◆ TASK INSTRUCTIONS ◆
Below are records that should be duplicated exactly, with no image retained.

(MATERIAL PROVIDED begins)

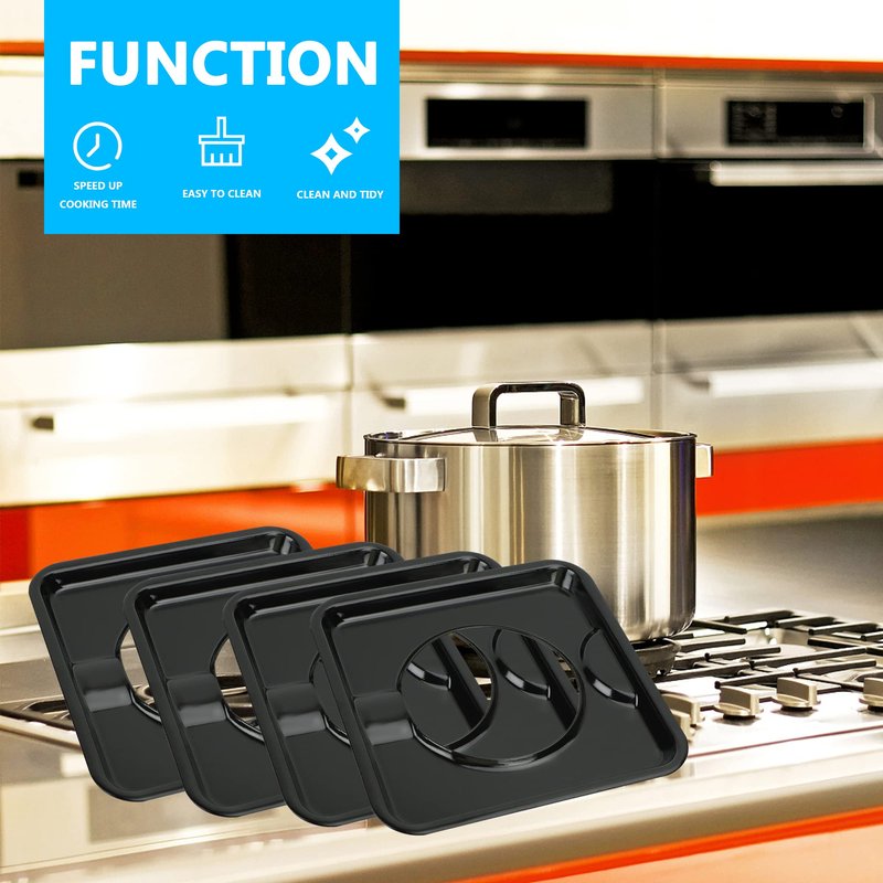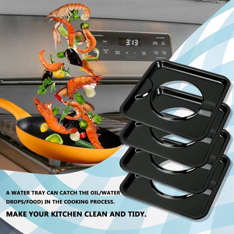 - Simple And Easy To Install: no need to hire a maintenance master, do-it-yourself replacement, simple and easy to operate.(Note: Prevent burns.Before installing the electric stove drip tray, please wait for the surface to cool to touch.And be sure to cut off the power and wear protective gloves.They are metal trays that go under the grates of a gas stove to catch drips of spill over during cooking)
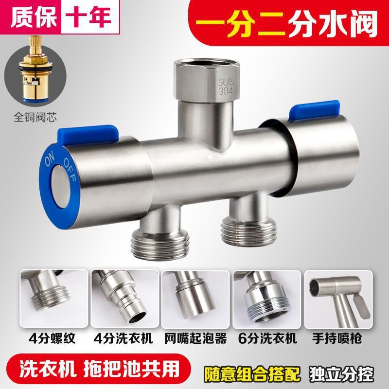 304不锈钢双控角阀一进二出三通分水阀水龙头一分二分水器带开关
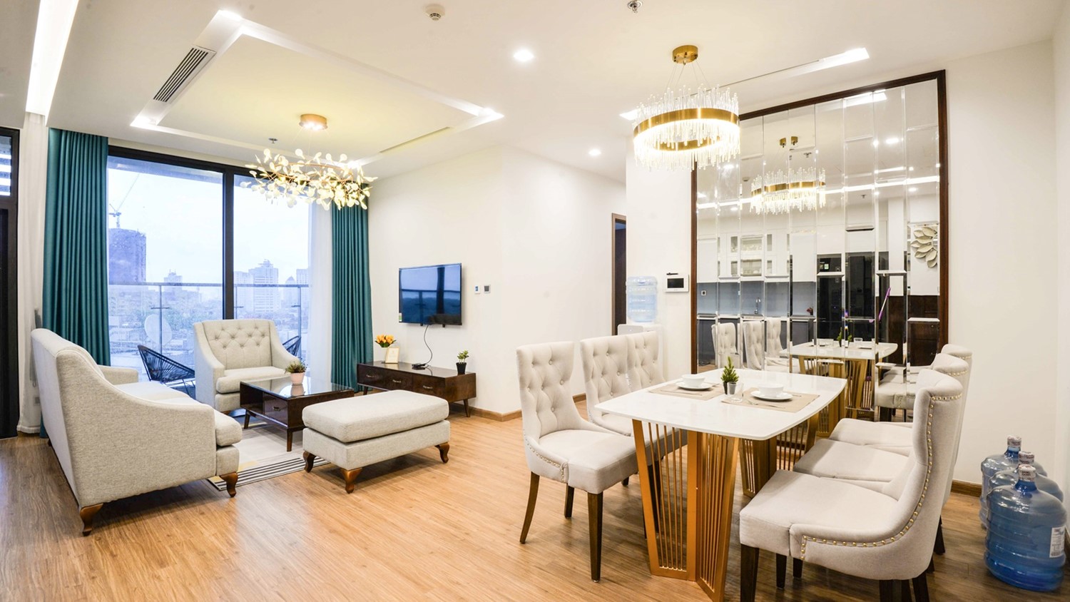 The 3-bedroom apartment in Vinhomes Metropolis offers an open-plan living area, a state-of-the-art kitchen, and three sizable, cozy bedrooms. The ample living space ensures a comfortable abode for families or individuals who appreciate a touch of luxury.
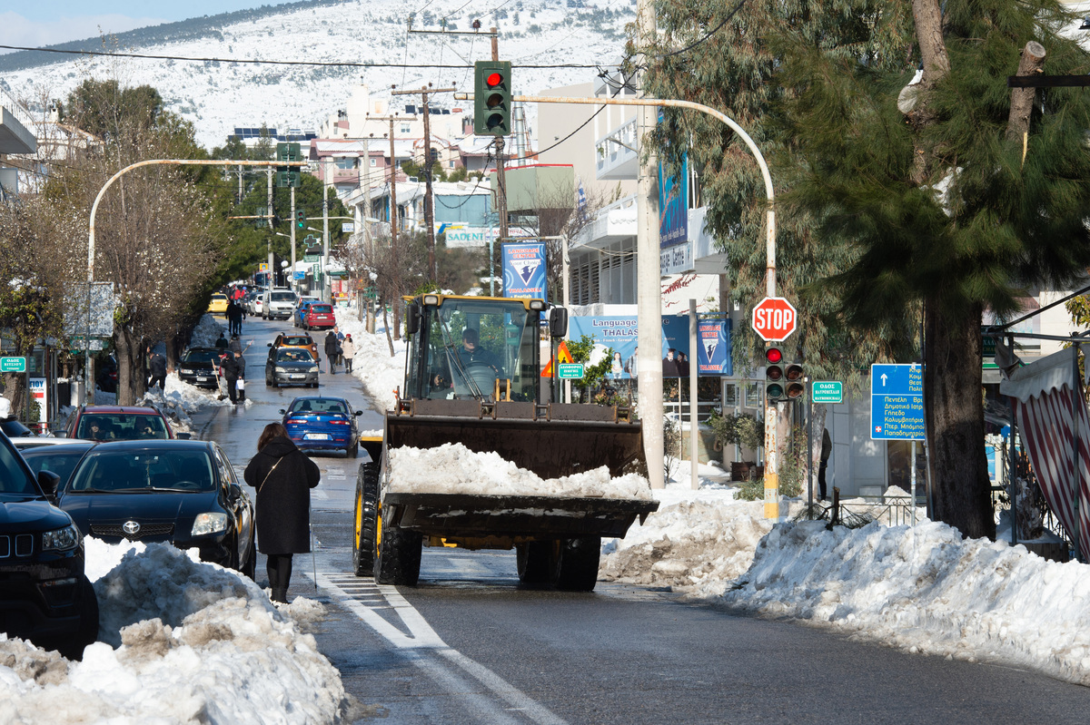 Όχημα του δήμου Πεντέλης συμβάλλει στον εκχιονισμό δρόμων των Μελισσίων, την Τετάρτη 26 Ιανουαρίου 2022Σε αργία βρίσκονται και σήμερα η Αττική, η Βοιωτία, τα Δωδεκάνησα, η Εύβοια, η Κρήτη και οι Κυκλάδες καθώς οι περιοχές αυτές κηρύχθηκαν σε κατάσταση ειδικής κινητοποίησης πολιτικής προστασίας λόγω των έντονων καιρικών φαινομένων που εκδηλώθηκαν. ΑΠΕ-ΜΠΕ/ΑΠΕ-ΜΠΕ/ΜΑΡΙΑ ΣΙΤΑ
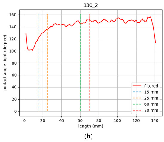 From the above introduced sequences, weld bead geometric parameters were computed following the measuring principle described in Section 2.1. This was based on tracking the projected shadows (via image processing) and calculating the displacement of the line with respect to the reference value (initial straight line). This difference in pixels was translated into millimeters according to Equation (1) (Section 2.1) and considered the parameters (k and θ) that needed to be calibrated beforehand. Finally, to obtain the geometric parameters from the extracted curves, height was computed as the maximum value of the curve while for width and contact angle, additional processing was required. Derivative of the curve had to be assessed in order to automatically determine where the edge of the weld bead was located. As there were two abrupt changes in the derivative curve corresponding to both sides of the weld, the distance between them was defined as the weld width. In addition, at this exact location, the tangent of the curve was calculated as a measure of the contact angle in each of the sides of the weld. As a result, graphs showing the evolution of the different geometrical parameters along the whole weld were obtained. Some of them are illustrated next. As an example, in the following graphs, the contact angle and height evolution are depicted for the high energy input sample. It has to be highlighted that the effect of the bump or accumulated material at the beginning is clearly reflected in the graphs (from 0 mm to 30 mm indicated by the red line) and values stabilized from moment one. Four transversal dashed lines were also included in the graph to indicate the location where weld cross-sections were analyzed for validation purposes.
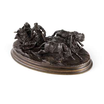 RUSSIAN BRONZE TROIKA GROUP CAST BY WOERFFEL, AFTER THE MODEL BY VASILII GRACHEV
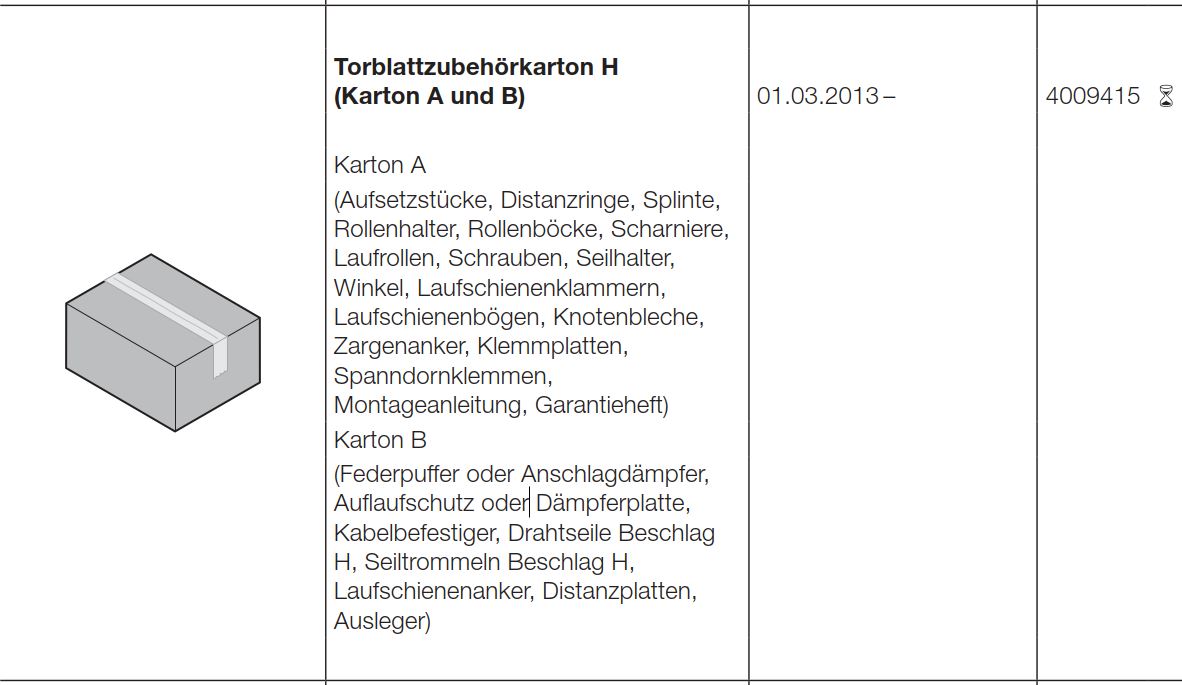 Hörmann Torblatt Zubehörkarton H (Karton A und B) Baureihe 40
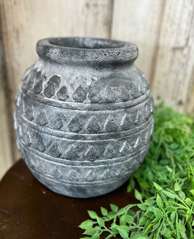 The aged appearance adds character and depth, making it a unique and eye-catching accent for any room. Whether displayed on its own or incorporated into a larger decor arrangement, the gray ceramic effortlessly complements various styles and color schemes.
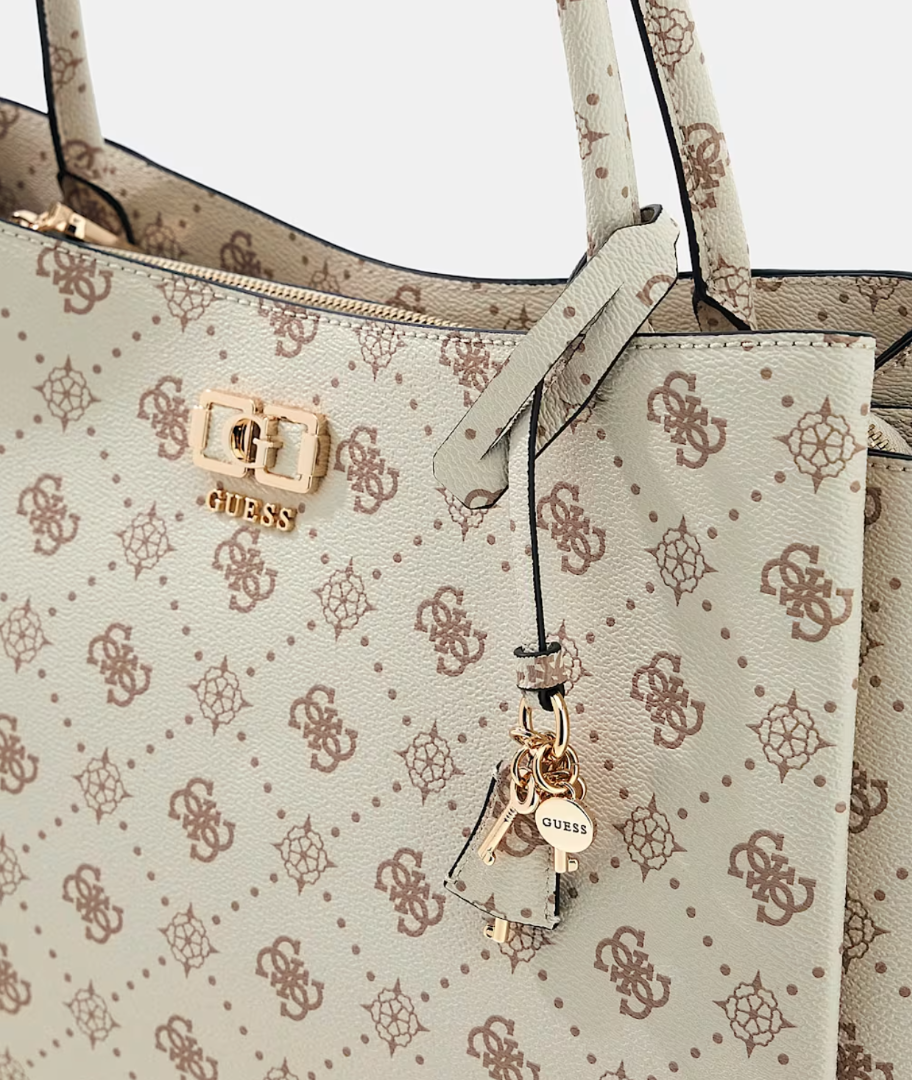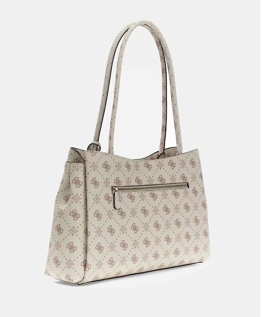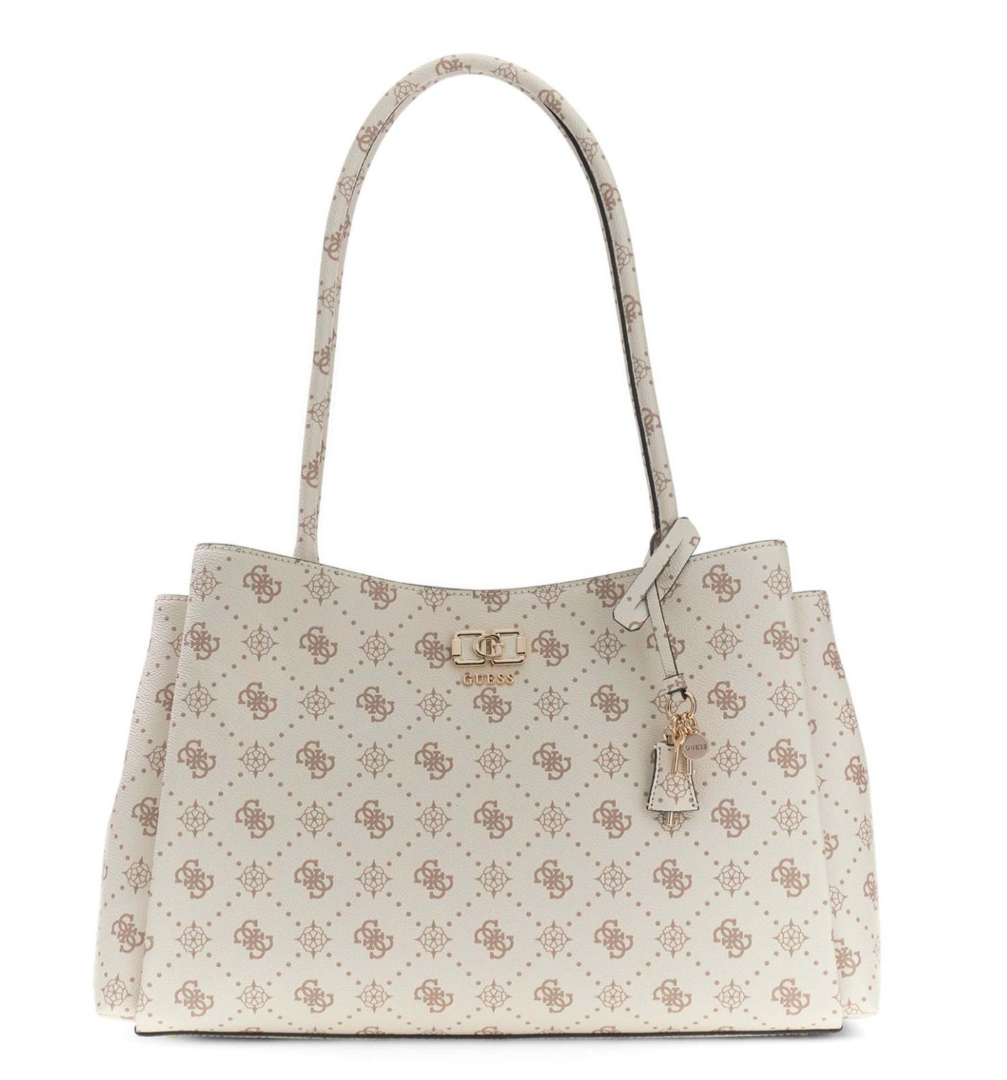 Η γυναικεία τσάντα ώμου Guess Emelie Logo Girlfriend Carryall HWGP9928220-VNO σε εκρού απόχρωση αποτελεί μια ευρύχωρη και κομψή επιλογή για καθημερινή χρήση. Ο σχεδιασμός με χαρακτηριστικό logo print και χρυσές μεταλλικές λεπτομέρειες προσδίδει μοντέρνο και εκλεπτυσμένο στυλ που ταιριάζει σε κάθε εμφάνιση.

(MATERIAL PROVIDED ends)

◆ ANSWER SPACE ◆
 - Simple And Easy To Install: no need to hire a maintenance master, do-it-yourself replacement, simple and easy to operate.(Note: Prevent burns.Before installing the electric stove drip tray, please wait for the surface to cool to touch.And be sure to cut off the power and wear protective gloves.They are metal trays that go under the grates of a gas stove to catch drips of spill over during cooking)
 304不锈钢双控角阀一进二出三通分水阀水龙头一分二分水器带开关
 The 3-bedroom apartment in Vinhomes Metropolis offers an open-plan living area, a state-of-the-art kitchen, and three sizable, cozy bedrooms. The ample living space ensures a comfortable abode for families or individuals who appreciate a touch of luxury.
 Όχημα του δήμου Πεντέλης συμβάλλει στον εκχιονισμό δρόμων των Μελισσίων, την Τετάρτη 26 Ιανουαρίου 2022Σε αργία βρίσκονται και σήμερα η Αττική, η Βοιωτία, τα Δωδεκάνησα, η Εύβοια, η Κρήτη και οι Κυκλάδες καθώς οι περιοχές αυτές κηρύχθηκαν σε κατάσταση ειδικής κινητοποίησης πολιτικής προστασίας λόγω των έντονων καιρικών φαινομένων που εκδηλώθηκαν. ΑΠΕ-ΜΠΕ/ΑΠΕ-ΜΠΕ/ΜΑΡΙΑ ΣΙΤΑ
 From the above introduced sequences, weld bead geometric parameters were computed following the measuring principle described in Section 2.1. This was based on tracking the projected shadows (via image processing) and calculating the displacement of the line with respect to the reference value (initial straight line). This difference in pixels was translated into millimeters according to Equation (1) (Section 2.1) and considered the parameters (k and θ) that needed to be calibrated beforehand. Finally, to obtain the geometric parameters from the extracted curves, height was computed as the maximum value of the curve while for width and contact angle, additional processing was required. Derivative of the curve had to be assessed in order to automatically determine where the edge of the weld bead was located. As there were two abrupt changes in the derivative curve corresponding to both sides of the weld, the distance between them was defined as the weld width. In addition, at this exact location, the tangent of the curve was calculated as a measure of the contact angle in each of the sides of the weld. As a result, graphs showing the evolution of the different geometrical parameters along the whole weld were obtained. Some of them are illustrated next. As an example, in the following graphs, the contact angle and height evolution are depicted for the high energy input sample. It has to be highlighted that the effect of the bump or accumulated material at the beginning is clearly reflected in the graphs (from 0 mm to 30 mm indicated by the red line) and values stabilized from moment one. Four transversal dashed lines were also included in the graph to indicate the location where weld cross-sections were analyzed for validation purposes.
 RUSSIAN BRONZE TROIKA GROUP CAST BY WOERFFEL, AFTER THE MODEL BY VASILII GRACHEV
 Hörmann Torblatt Zubehörkarton H (Karton A und B) Baureihe 40
 The aged appearance adds character and depth, making it a unique and eye-catching accent for any room. Whether displayed on its own or incorporated into a larger decor arrangement, the gray ceramic effortlessly complements various styles and color schemes.
 Η γυναικεία τσάντα ώμου Guess Emelie Logo Girlfriend Carryall HWGP9928220-VNO σε εκρού απόχρωση αποτελεί μια ευρύχωρη και κομψή επιλογή για καθημερινή χρήση. Ο σχεδιασμός με χαρακτηριστικό logo print και χρυσές μεταλλικές λεπτομέρειες προσδίδει μοντέρνο και εκλεπτυσμένο στυλ που ταιριάζει σε κάθε εμφάνιση.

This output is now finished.